One of the brothers stood up to pray and read Scripture before our meal. He walked to the podium with an awkward gait, as if his hips and legs were hewn of the same piece. His head tilted slightly to the side. He opened the Bible and began to page through. Back and forth, back and forth.

People around me began to shift their weight. Impatience rose like steam from a boiling pot of water, wispy at first, and then picking up in speed and intensity. I held my breath, willing him to speak.

He looked up. Another brother walked to his side, and the reader said, "I can't find the passage." His words were somewhat garbled, as if he had rocks in his mouth.

The younger brother located the passage and stepped back, and the first man proclaimed, "In the beginning, God created the heavens and the earth." He finished reading Genesis 1, offered a blessing for our meal, and turned to get in line for food.
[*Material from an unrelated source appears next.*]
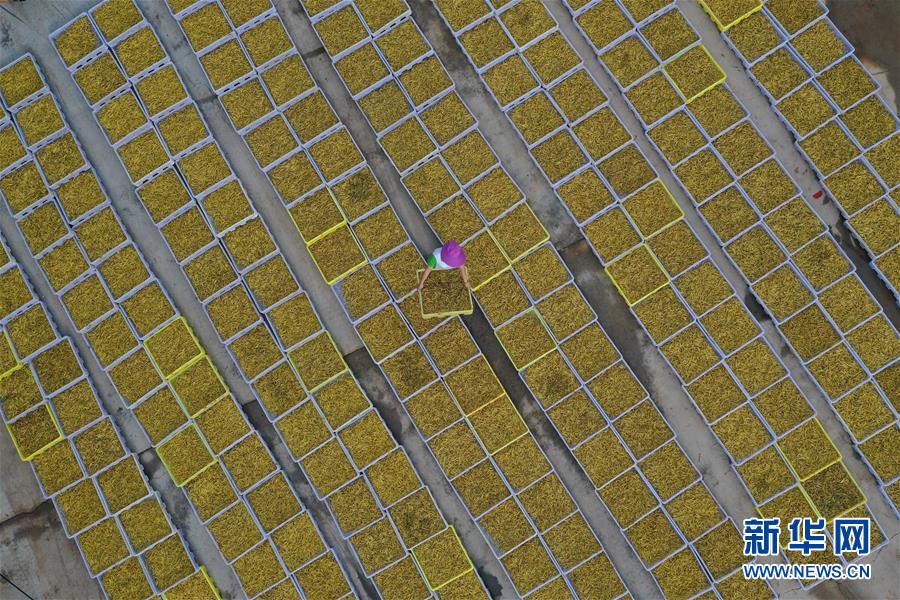 7月12日,祁東縣黃土鋪鎮(zhèn)雁隆食品公司內(nèi),工人在晾曬黃花菜(無人機照片)。新華社記者 趙眾志 攝

As we moved to pick up trays and utensils for dinner, greeting other friends and maintaining steady conversation about our lives, I kept thinking about the brother behind the podium. Had I watched the same scene unfold a year earlier, I would have been annoyed by the delay, maybe even embarrassed by his predicament. I could imagine the questions that would have been running through my head—Why can't they find someone who can read, who at least knows where the first book in the Bible is located? But today, I could have listened to him for an hour. Without knowing it, he had welcomed me, with his imperfect speech and the fact that he needed help finding Genesis. He allowed me to envision Penny one day reading the Bible in public. He allowed me to believe Penny could be treated as a fellow child of God without distinction, without dividing lines.

In seminary, it's easy to think that getting your papers in on time and memorizing Hebrew vocab words and learning how to preach good sermons will set you up to serve the church. On some level, they will. But only if those things come in the context of the people who make up the Body of Christ. It's easy to forget the importance of those who will never be able to tell you about Greek participles or modalism or use big words like eschatological and pericope. But Jesus tells us that remembering the poor, the spiritually depleted, the little children, the ones he calls "the least of these," is of the utmost importance. Not only because we are called to serve those people, but because we are called to recognize ourselves in and among them, because in and as we recognize our common humanity, our common limitation, dependence, vulnerability, and need, we receive his blessing, we become the blessed ones, the ones who inherit the kingdom of God.